Dataset records →
%%

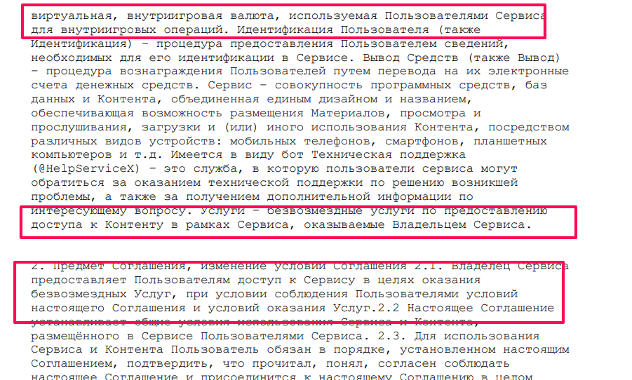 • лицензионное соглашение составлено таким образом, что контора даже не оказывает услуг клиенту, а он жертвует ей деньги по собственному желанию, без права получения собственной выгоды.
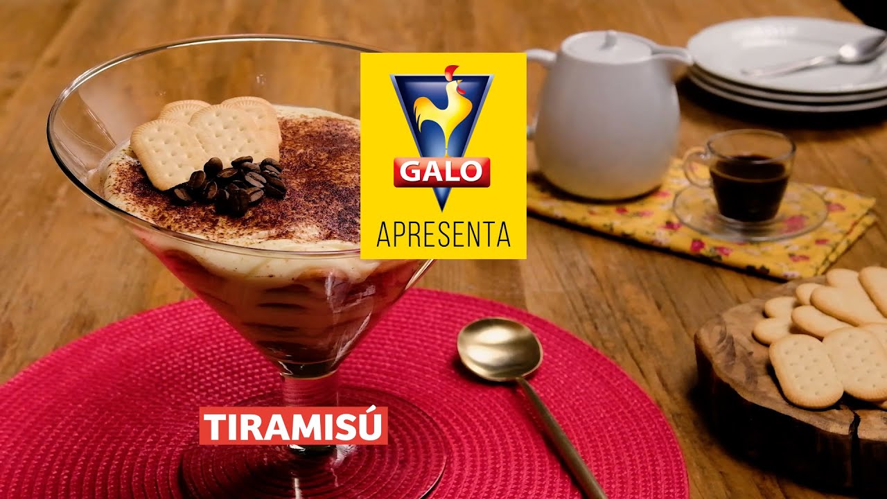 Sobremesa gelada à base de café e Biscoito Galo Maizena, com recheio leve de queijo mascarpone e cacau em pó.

%%
%%

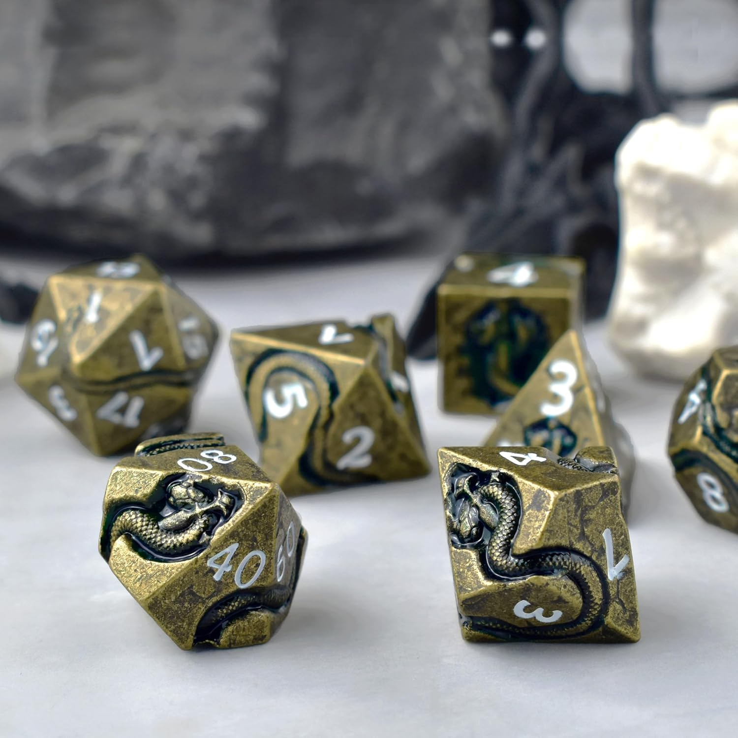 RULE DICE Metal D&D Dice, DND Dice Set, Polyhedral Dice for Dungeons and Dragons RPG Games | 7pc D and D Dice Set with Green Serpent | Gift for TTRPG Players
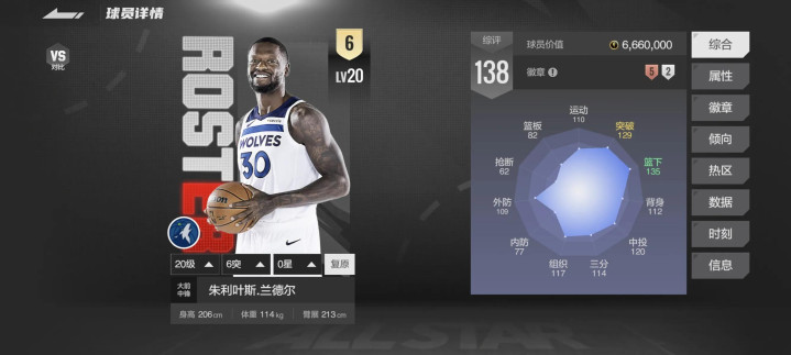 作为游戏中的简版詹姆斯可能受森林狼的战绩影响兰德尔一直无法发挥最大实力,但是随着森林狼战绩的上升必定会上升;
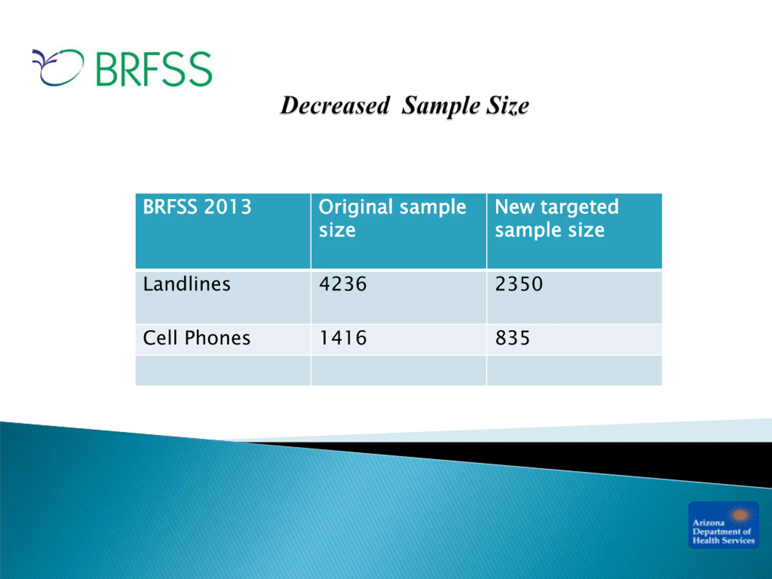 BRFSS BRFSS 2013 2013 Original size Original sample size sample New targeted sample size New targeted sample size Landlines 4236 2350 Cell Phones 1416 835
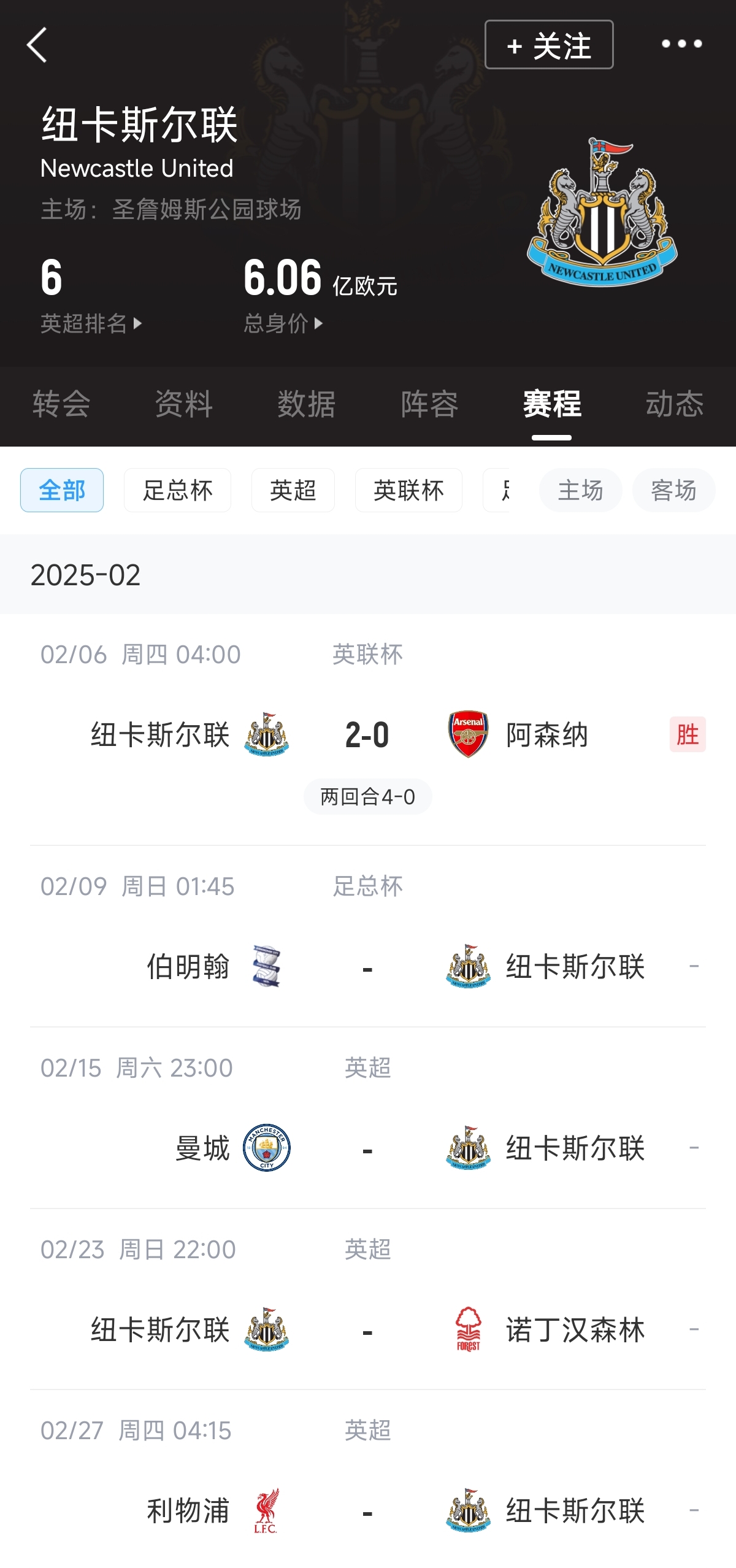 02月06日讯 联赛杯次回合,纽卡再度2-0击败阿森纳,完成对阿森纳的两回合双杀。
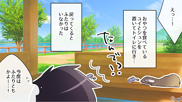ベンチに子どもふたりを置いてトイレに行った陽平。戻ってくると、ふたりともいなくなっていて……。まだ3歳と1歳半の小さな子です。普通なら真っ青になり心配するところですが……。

%%
%%

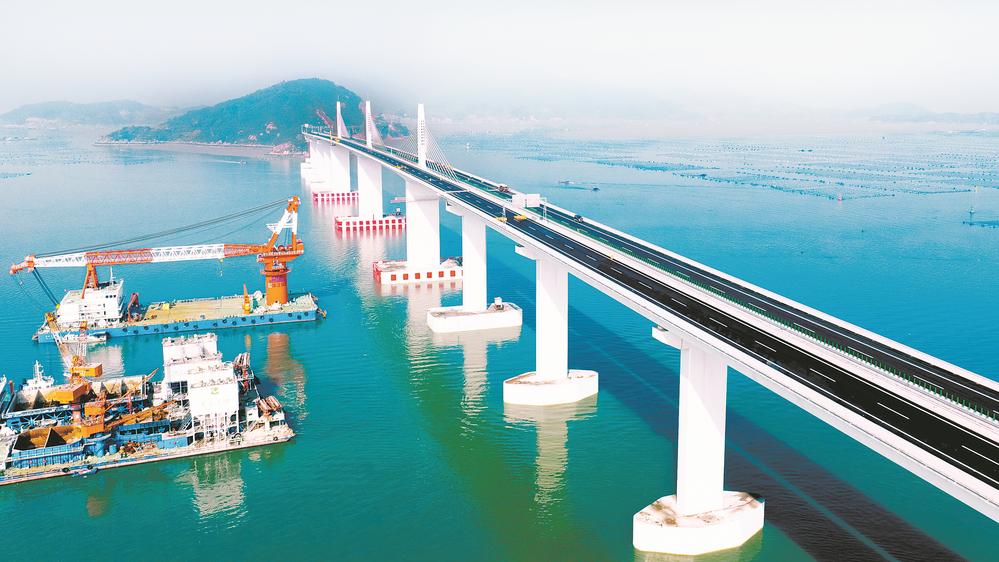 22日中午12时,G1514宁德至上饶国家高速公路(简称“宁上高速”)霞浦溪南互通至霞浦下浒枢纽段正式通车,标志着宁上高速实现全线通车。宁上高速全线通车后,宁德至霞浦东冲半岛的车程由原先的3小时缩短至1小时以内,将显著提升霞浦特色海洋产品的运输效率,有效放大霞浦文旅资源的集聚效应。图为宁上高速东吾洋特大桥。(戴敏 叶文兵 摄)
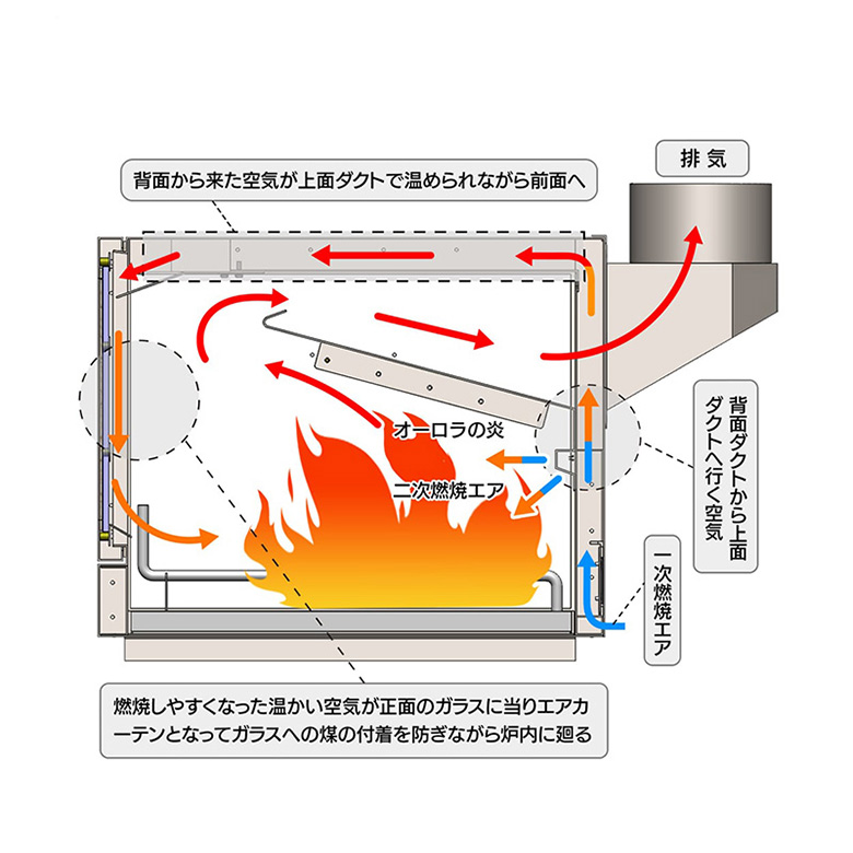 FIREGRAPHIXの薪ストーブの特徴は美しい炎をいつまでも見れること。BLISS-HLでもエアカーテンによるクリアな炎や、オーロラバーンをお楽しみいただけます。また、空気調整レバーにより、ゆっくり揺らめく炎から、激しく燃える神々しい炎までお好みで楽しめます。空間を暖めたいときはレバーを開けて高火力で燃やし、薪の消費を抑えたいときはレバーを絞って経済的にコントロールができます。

%%

What is being asked → In the listing above, find the line containing "получения собственной выгоды." and the line containing "Sobremesa gelada à"; print those lines and every line between them exactly, leaving out pictures.

Answer space →
 • лицензионное соглашение составлено таким образом, что контора даже не оказывает услуг клиенту, а он жертвует ей деньги по собственному желанию, без права получения собственной выгоды.
 Sobremesa gelada à base de café e Biscoito Galo Maizena, com recheio leve de queijo mascarpone e cacau em pó.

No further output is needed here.